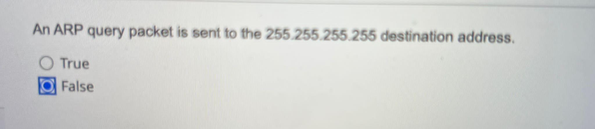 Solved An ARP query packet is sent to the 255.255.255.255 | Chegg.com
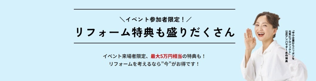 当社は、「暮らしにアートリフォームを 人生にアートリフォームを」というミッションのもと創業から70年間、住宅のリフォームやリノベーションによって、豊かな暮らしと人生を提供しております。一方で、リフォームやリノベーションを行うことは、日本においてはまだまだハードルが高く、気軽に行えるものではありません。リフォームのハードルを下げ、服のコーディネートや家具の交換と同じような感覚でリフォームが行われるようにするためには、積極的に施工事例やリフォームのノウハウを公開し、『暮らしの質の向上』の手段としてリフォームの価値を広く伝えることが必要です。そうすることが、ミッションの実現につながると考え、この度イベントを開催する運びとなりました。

* * *

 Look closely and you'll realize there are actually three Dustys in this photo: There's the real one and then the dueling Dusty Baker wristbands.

=== WHAT YOU ARE ASKED TO DO ===
Starting at the line above with "Solved An ARP", output every line exactly up to and including the line with "当社は、「暮らしにアートリフ", but none of the pictures.

=== RESULT BELOW ===
 Solved An ARP query packet is sent to the 255.255.255.255 | Chegg.com
 当社は、「暮らしにアートリフォームを 人生にアートリフォームを」というミッションのもと創業から70年間、住宅のリフォームやリノベーションによって、豊かな暮らしと人生を提供しております。一方で、リフォームやリノベーションを行うことは、日本においてはまだまだハードルが高く、気軽に行えるものではありません。リフォームのハードルを下げ、服のコーディネートや家具の交換と同じような感覚でリフォームが行われるようにするためには、積極的に施工事例やリフォームのノウハウを公開し、『暮らしの質の向上』の手段としてリフォームの価値を広く伝えることが必要です。そうすることが、ミッションの実現につながると考え、この度イベントを開催する運びとなりました。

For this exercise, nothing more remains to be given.